What Good Friday tells me about myself

It’s Good Friday. Here’s what today tells me about myself, from Psalm 38.

My sin is troubling – v3 – “There is no soundness in my flesh because of your indignation; there is no health in my bones because of my sin.”

The Bible continually asserts the fact that the most dreadful thing about me is that I am a sinner. I cannot help myself but to sin.

My wounds are stinking – v5  – “My wounds stink and fester because of my foolishness”

Because of sin and the depths of my sinful nature, the wounds that have been left are rotten to the core.

good_fridayMy heart is yearning – v 10 – “My heart throbs; ”

I have completely lost, alone and without hope in this world.

My strength is failing – v10 – “my strength fails me”

I try to be good. I try to make a difference. I set my goals and write my lists. At it works … for a while. I’m tired of trying.

I can align myself and compare myself to others, and pretend that I’m not that bad, but since when did that help me?
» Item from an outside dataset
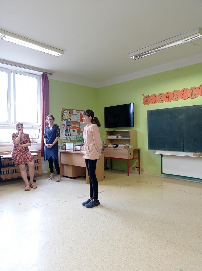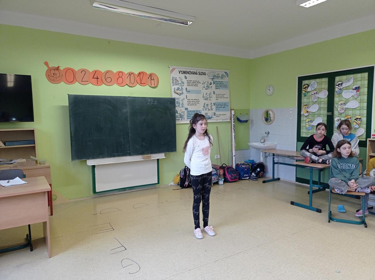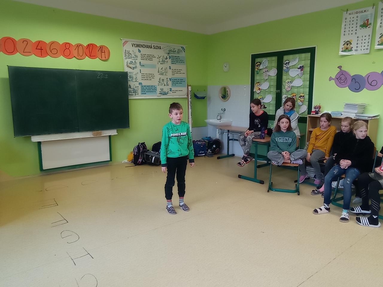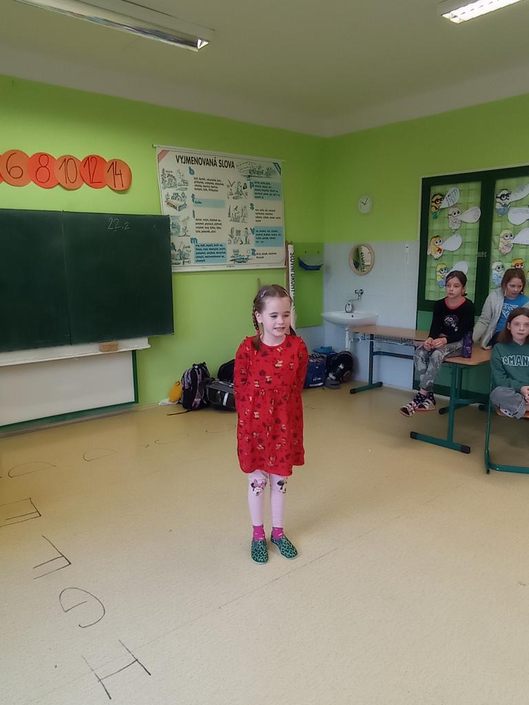 Nejprve proběhla třídní kola recitační soutěže, následovalo to školní. Svého úkolu se zhostili výborně všichni ti, kteří měli odvahu a vystoupili před větším publikem. Mile nás překvapil zájem z řad posluchačů, kteří se přihlásili a recitovali svoji básničku. Proto byla letošní účast velmi hojná. V kategorii 1. třída zvítězil Miloslav Sedlačík. Kategorie 2. a 3. třídy patřila Agátě Jarošové. V kategorii 4. a 5. třídy to byl Vojtěch Masařík. Následovala kategorie 6. a 7 třídy, kde vyhrála Tereza Zmrzlá a poslední kategorii tvořila 8. a 9. třída, na 1. příčce se umístila Adéla Vaculíková.

My friends are forsaking – v11 – “My friends and companions stand aloof from my plague, and my nearest kin stand far off.”

My sorrow is continuing – v17 – “For I am ready to fall, and my pain is ever before me.”

I am constantly reminded that I’m not good enough, strong enough, or wise enough.

My Lord Saves – v22 – “Make haste to help me, O Lord, my salvation!”

By His grace I’m saved. Not because I’m worthy, but He is worthy. Not because I’ve worked to earn His affection but He has won mine.